§ YOUR INSTRUCTIONS:
In the copy, include all of the listing exactly and none of its pictures.

§ MATERIAL PROVIDED:
::::
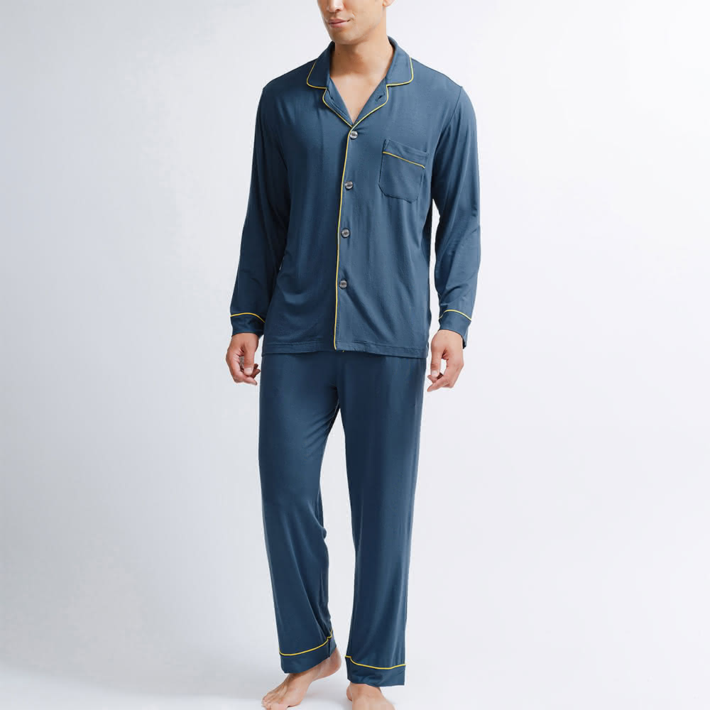 天絲男長袖睡衣套裝
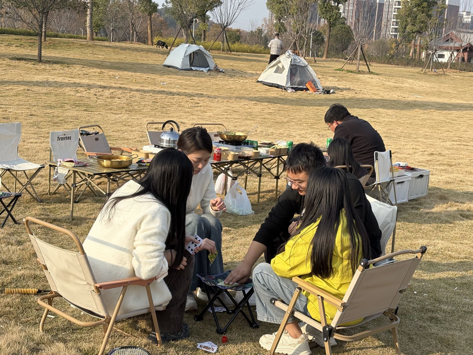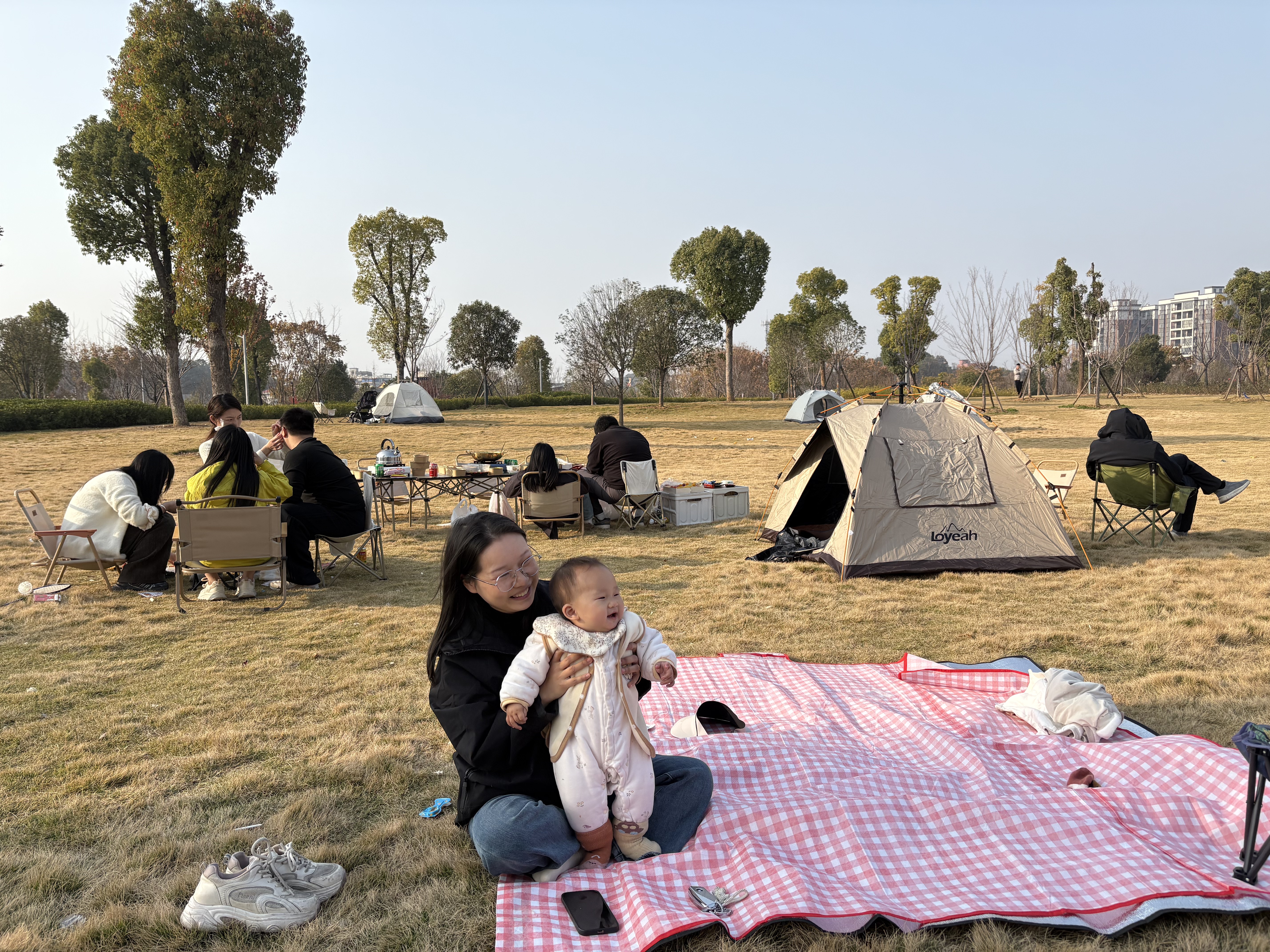 与青龙山公园的规整雅致不同,金湖生态园尽显开阔清新的生态韵味,勾勒出别样休闲图景。开阔的草坪上,不少家庭搭起帐篷、铺开餐垫,各色美食整齐摆放,家人围坐相伴,欢声笑语间尽显亲子时光的温馨;儿童游乐区内,孩子们追逐嬉戏、尽情玩耍,清脆的笑声回荡其间,满是活力与乐趣。
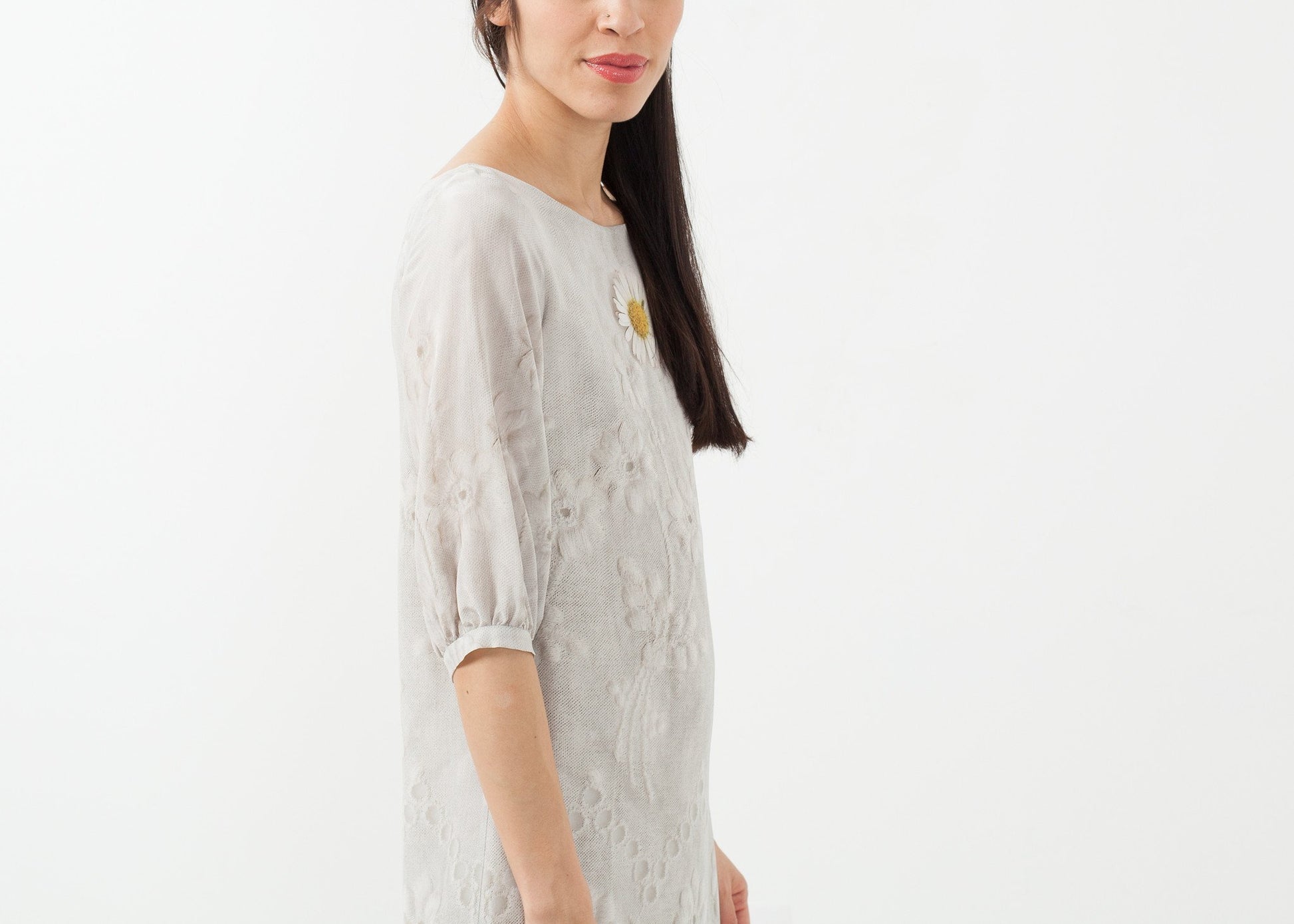 The designs of Antoni & Alison are a melange of trompe l'oeil digital imagery printed on fine silks, rendering a specified aesthetic that defines the brand and culls a dedicated clientele. The Daisy delights with its subtle textural printing and details. Flowing peasant sleeves. Wide boat neckline. Lining. Color Grey. 100% Silk. Made in the U.K. Ashley is wearing a Size 8.
::::
§ ANSWER FOR THIS EXERCISE:
 天絲男長袖睡衣套裝
 与青龙山公园的规整雅致不同,金湖生态园尽显开阔清新的生态韵味,勾勒出别样休闲图景。开阔的草坪上,不少家庭搭起帐篷、铺开餐垫,各色美食整齐摆放,家人围坐相伴,欢声笑语间尽显亲子时光的温馨;儿童游乐区内,孩子们追逐嬉戏、尽情玩耍,清脆的笑声回荡其间,满是活力与乐趣。
 The designs of Antoni & Alison are a melange of trompe l'oeil digital imagery printed on fine silks, rendering a specified aesthetic that defines the brand and culls a dedicated clientele. The Daisy delights with its subtle textural printing and details. Flowing peasant sleeves. Wide boat neckline. Lining. Color Grey. 100% Silk. Made in the U.K. Ashley is wearing a Size 8.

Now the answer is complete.